Seltzer was a blue-collar laborer and an outdoorsman, but he also had an interest in politics. By 1930, he’d been elected mayor of a town on the outskirts of Cleveland. His interest in small-town politics shows through in this novel.

Union County, NM (today)
The story. The basic conflict in the novel is not original. A young Easterner, Hollis, arrives in a small western town in Union County, New Mexico, to inherit his father’s ranch. He discovers that the town and the entire county are controlled by an unscrupulous cattleman, Dunlavey. This guy is a law unto himself, stealing cattle from his neighbors, who are powerless to defend themselves because not only is he a mean bastard – he also owns the local sheriff.

A federal judge has been appointed to the territory. But Dunlavey has so intimidated the citizenry that getting a case to trial and a jury to decide against him is an impossibility.

The twist on this already familiar material is that Hollis also inherits his father’s weekly newspaper. (And you should have seen this coming.) So we get a crusading newspaperman scenario folded into the mix. Hollis takes over the ranch and the newspaper and sets to building both circulation and community spirit. He uses the editorial page to take on Dunlavey.

Democratic-style government doesn’t have much of a chance where the only law is the gun. So Hollis’ objective is to encourage the “coming of the law” to this part of New Mexico. He persuades a man with law enforcement on his resume to run for sheriff against the incumbent who’s securely lodged in Dunlavey’s pocket.

Frontier newspaper office, 1887
A natural politico, Hollis has curried favor with the town’s merchants and the other ranchers in the area. Meanwhile, he’s also used his connections back East to motivate the politicians to take more action.
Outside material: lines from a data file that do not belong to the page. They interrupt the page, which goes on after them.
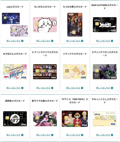 これは丸井グループ系のクレジットカード「エポスカード」で、アニメなどのキャラクターコラボカードも含めるとデザインは100種類以上もあるそうです。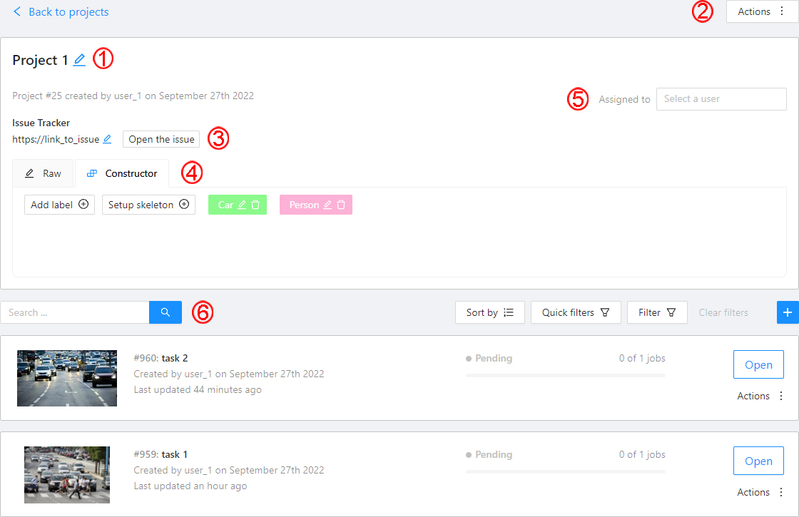 Tasks— is a list of all tasks for a particular project, with the ability to search, sort and filter for tasks in the project. Read more about search. Read more about sorting and filter It is possible to choose a subset for tasks in the project. You can use the available options (Train,Test,Validation) or set your own.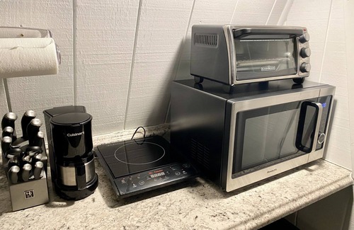 . Complete kitchen; cooking equipment includes an outdoor gas grill, and induction cooktop with Cuisine Art pots and pans, a microwave oven, a coffee maker, a toaster.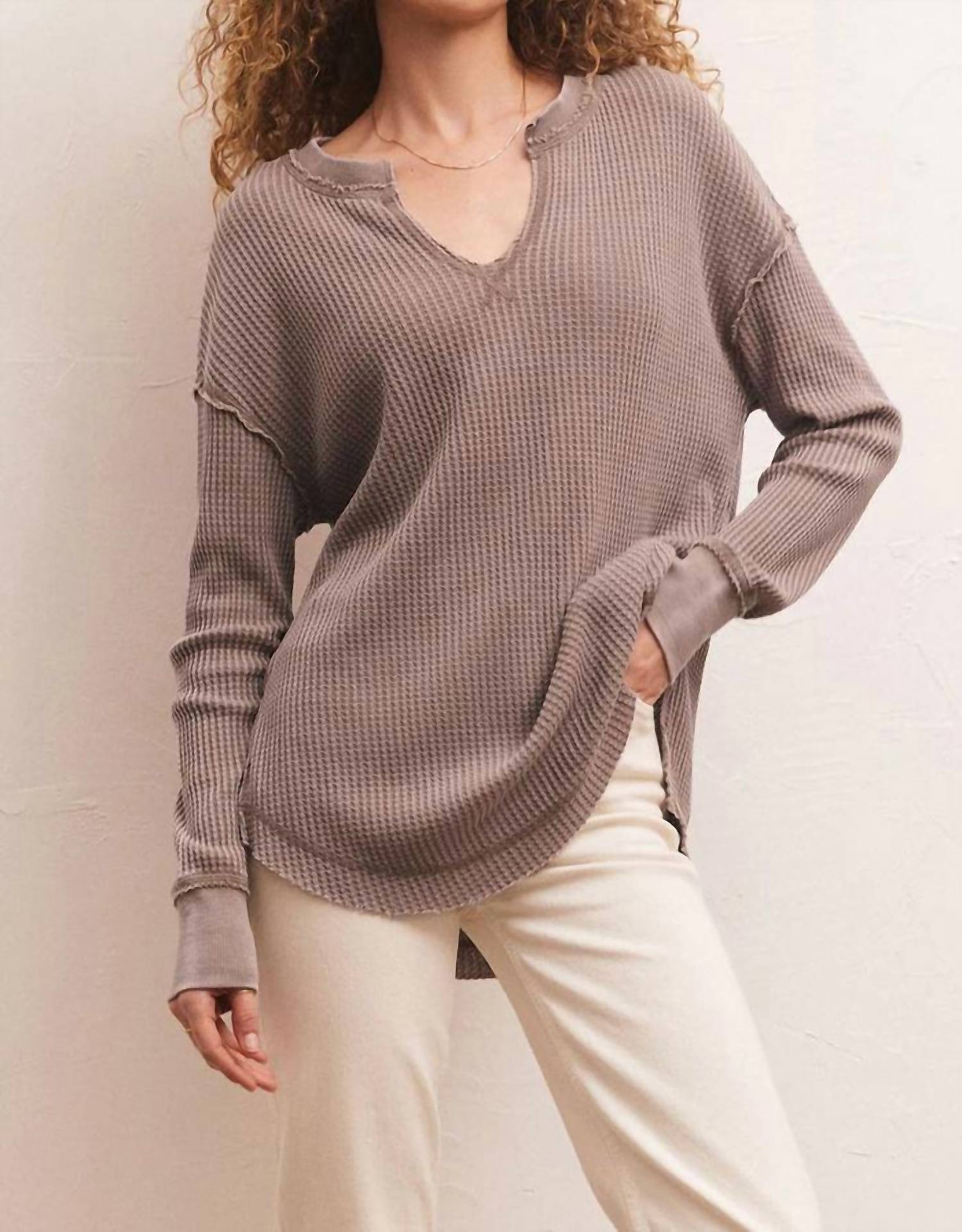 Discover the Driftwood Thermal Long Sleeve Top by Z Supply, a cozy essential in a charming Milkshake hue. This women's top boasts a comfortable long sleeve design made from a blend of 60% cotton and 40% polyester for ultimate softness. Its textured pattern and V-neckline add style, while the oversized fit and raw edge details offer modern flair. Easy to wear with a pull-on closure and convenient machine wash care.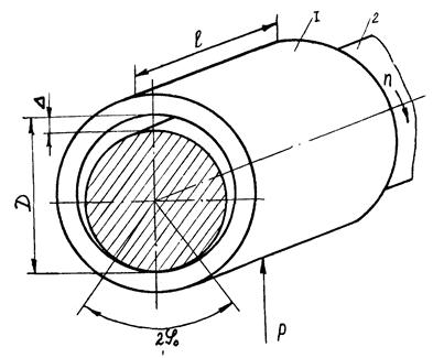 1 - подшипник, 2 - цапфа, D - диаметр, L - длина подшипника, D - диаметральный зазор, Y0 - полуугол контакта, n - частота вращения вала, p - нормальная (радиальная) нагрузка на подшипник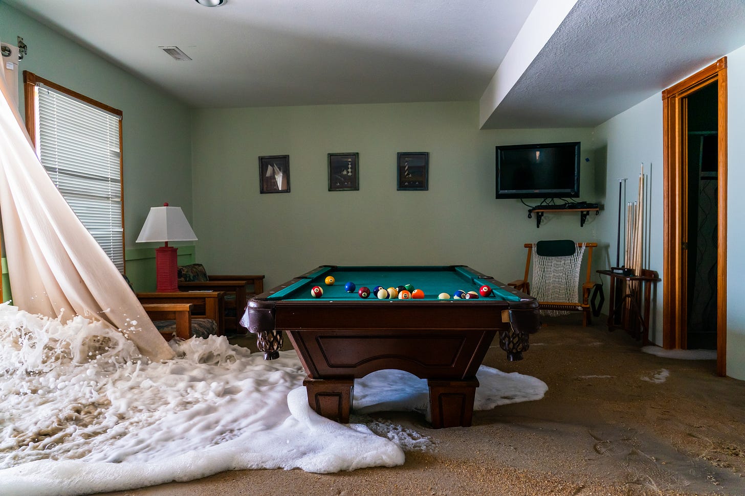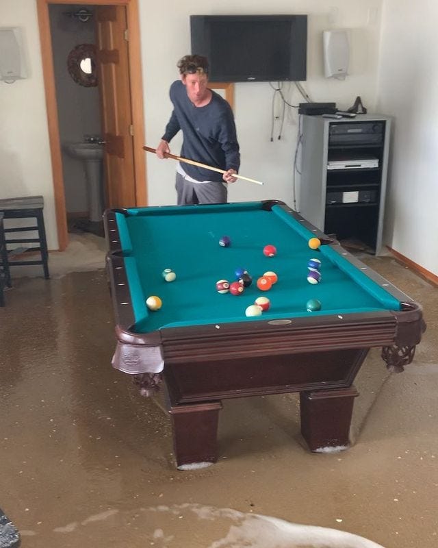 Hurricane Teddy is a storm that most people forget about. It never came close to shore, but it kicked up the ocean in September 2020, and sent water across Highway 12, closing it for five straight days. It also pushed the ocean up into homes on Hatteras Island. Daniel was checking his Instagram feed, when he saw a video of a friend doing something… unique. It opens with water rushing in through an open doorway. Then it pans over to show a man playing pool with the water flowing around his ankles. “Solids,” he says before lining up a shot.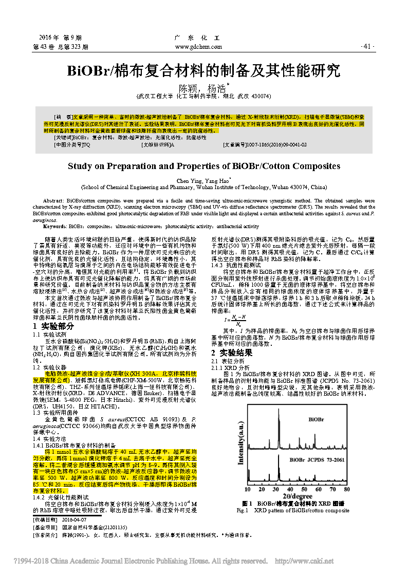 這篇由武漢工程大學(xué)化工與制藥學(xué)院的研究學(xué)者完成,討論BiOBr/棉布復(fù)合材料的制備及其性能研究的論文,發(fā)表在重要期刊《廣東化工》上。

Which comes, ironically, in the form of a more concerted effort to collect taxes and to confiscate property should there be any, like Dunlavey, who refuse to pay.

The election does not come off without a hitch, however. It takes a “citizens’ revolt” from an unlikely contingent of voters to keep Dunlavey from re-electing his man. All of which may not sound all that compelling, but Seltzer wrings the drama out of it. It’s a page-turner.